Le procureur du Faso près le Tribunal de grande instance (TGI) Ouaga II a annoncé, dans un communiqué daté du 26 mai 2026, l’ouverture d’une enquête judiciaire à la suite de la diffusion sur les réseaux sociaux de propos et écrits attribués à l’Union Générale des Étudiants Burkinabè (UGEB).
Selon le communiqué, les contenus incriminés seraient susceptibles de constituer des infractions prévues et réprimées par le code pénal burkinabè, notamment « l’apologie du terrorisme » et « l’entreprise de démoralisation des Forces de défense et de sécurité ».

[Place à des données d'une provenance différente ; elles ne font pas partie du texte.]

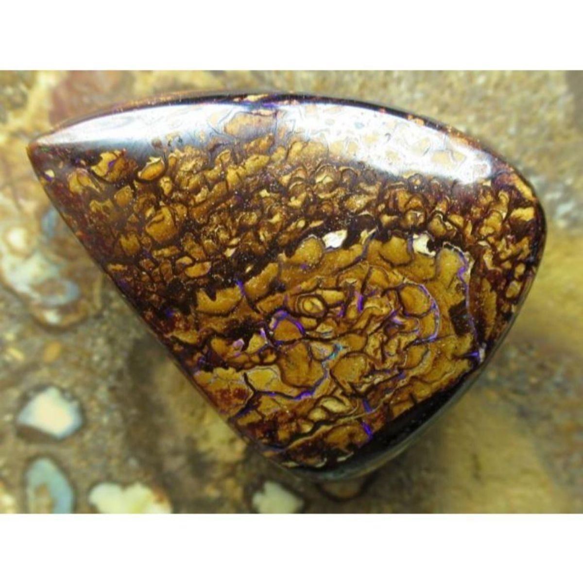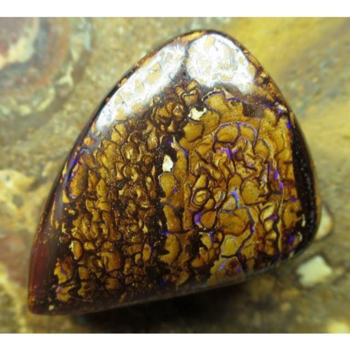 TYPE OF OPAL…................BOULDER MATRIX/UNTREATED. FIELD/ORIGIN….................QUEENSLAND AUSTRALIA. COLOUR…..........................AS PER IMAGE. PATTERN…..........................AS PER IMAGE. NO OF PIECES….........................1. BRIGHTNESS RATING 1 TO 5. =3.7. DESCRIPTION…..........................SIDE DRILLED GREAT PATTERN AUSSIE BOULDER MATRIX OPAL. (opal colour and pattern as per image, the stone you see in pictures is the stone you get.)    -- Additional General Details about Opals to Inform the Knowing Bidder: Opal is a hydrated amorphous form of silica (SiO2·nH2O); its water content may range from 3 to 21% by weight, but is usually between 6 and 10%. Because of its amorphous character, it is classed as a mineraloid, unlike crystalline forms of silica, which are classed as minerals. It is deposited at a relatively low temperature and may occur in the fissures of almost any kind of rock, being most commonly found with limonite, sandstone, rhyolite, marl, and basalt. Opal is the national gemstone of Australia. The internal structure of precious opal makes it diffract light. Depending on the conditions in which it formed, it can take on many colors. Precious opal ranges from clear through white, gray, red, orange, yellow, green, blue, magenta, rose, pink, slate, olive, brown, and black. Of these hues, the black opals are the rarest, whereas white and greens are the most common. Opals vary in optical density from opaque to semi-transparent and show opalescence, a form of iridescence. There are 9 separate factors that contribute to the price of an Opal. These factors are: Color Direction / Play of Color Pattern Body tone Brightness Shape Inclusions Where the Opal was mined Country of Origin At Lightning Ridge, in Australia, a committee values opal miner’s opals each Saturday. Several opal appraiser price each opal by carat with the final value determined by the price per carat. COLOR In order of evaluation value, the most valuable color is a dominant red, then orange, green, blue and purple. Electric blue Opals is the most valuable of the blues. DIRECTION OF COLOR Opals are a gemstone that dramatically change appearance based on the angle of view. When an Opal is at it’s brightest, this is called its ‘facing’/ andle. The direction of color will affect the price because it determines how versatile the Opal is. PATTERN Opals that have a rare or unique pattern are more valuable. The Harlequin patternis the rarest and most loved pattern in opals but it is very rare. A True harlequin pattern is a mosaic broad pattern, angular close set of colors. Floral patterns are sometimes called floral harlequin.Some top patterns are Mackerel, Block, Broad flash, Rolling-flash, Pin-fire, Rainbow and most sought out Ethiopian opal is the Honeycomb pattern. BODY TONE Opals are grouped in 9 sub categories N1 to N9 with N1 the darkest opal and N9 the lightest. Black opals are generally the most valuable and have a body tone of N1 to N4 Opals with N5 to N6 considered a semi black or dark opal. Body tone N7 to N9 are called crystal opals. BRIGHTNESS The Opal brightness guide was produced by the Australian opal association along with the body tone guide. There are 7 sub Brightness ratings with B1 the brightest to B7 the dullest. The brighter the Opal, the more expensive will be its value. SHAPE Oval stone are generally considered more valuable than free form, except with boulder opals where free form is considered desirable. The shape of the Opal once again determines how versatile it is. Oval stones generally have the best face of color and can be used in a variety of applications. Opal is almost always cut in a cabochon. A cabochon stone is more valuable when it has a high. This is due to the fact that cabochons make ideal ring stones. INCLUSIONS Inclusions and potch lines and are not to be confused with cracks. A crack line reflects light and greatly devalues an Opal. A potch line has no light reflection and these opals are generally valued lower but can make artistic picture patterns. Some Opals will have a vegetation pattern from the inclusions and this is popular as the opal has replaced some of the tree or vegetation. Sand or windows also reduce the value of the opal. A window is a gap on the bottom where potch has not formed and opal is transparent. Ethiopian opal can have a ghost or phantom inclusions or vegetation matter. These types of inclusions are generally accepted as reasonable in this type opal. OPAL FIELD SOURCE The end buyer or wholesaler might not be able to consider this factor. But in the trade certain mines have a reputation of producing good quality rough that makes excellent stones. This happens in Australian and Ethiopian opal fields. Even the depth of the mine can greatly effect value. Opal doublets and triplets do not have the same stringent criteria as solid opals and are valued considerable less. It is important to be able to pick a doublet opal compared to a solid and this can be difficult when the opal is set into jewelry. COUNTRY OF ORIGIN Australia has a worldwide reputation as the world’s most expensive opals. Many countries now produce good opals like Ethiopia, Mexico and Brazil. Each country’s opals may be unique and this factor helps determine the Opal price. Regardless of the country of origin, all opals are rare, valuable and unique. Opal Stones rank very high as an appreciating asset.  - #527-042319-CM-13-28
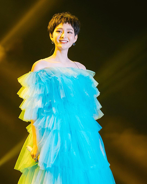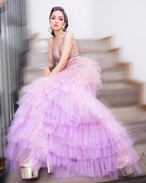 Váy "bánh kem" tầng lớp giúp Hiền Hồ khoe vẻ đáng yêu như búp bê.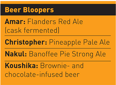 He finds experimentation fun and challenging, and helping take the monotony out of what he does. “The excitement is always high, given the fact that you don’t really know how the beer will turn out after three weeks (see box: Beer Bloopers!)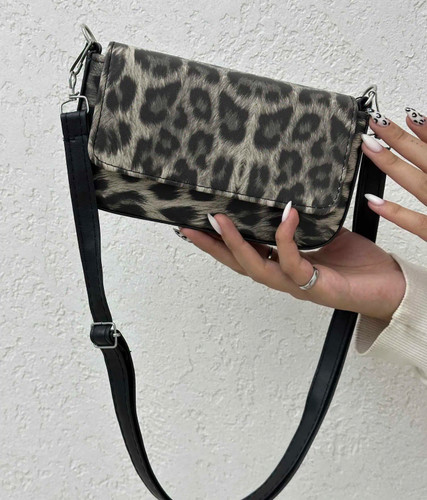 کیف دوشی پلنگی ترند | مدل شیک و خاص با طرح پلنگی طوسی و نسکافهای

Face à « la gravité de tels faits », le Procureur du Faso indique avoir instruit l’ouverture immédiate d’une enquête judiciaire visant à identifier le ou les auteurs des publications ainsi que d’éventuels complices.
Le parquet rappelle que les articles 312-11 et 361-19 du code pénal prévoient des sanctions sévères pour ces infractions. L’entreprise de démoralisation des Forces de défense et de sécurité est punie d’une peine d’emprisonnement allant de un à dix ans ainsi que d’une amende comprise entre 300 000 et 2 000 000 de francs CFA. Quant à l’apologie publique d’actes de terrorisme, elle est passible d’une peine d’un à dix ans d’emprisonnement et d’une amende allant de 1 000 000 à 10 000 000 de francs CFA.
Dans son communiqué, le parquet appelle également les citoyens à un « sens élevé de responsabilité » dans leurs prises de parole et publications, particulièrement sur les réseaux sociaux. Il met en garde les auteurs de discours jugés contraires à la loi, affirmant qu’ils « subiront la rigueur de la loi ».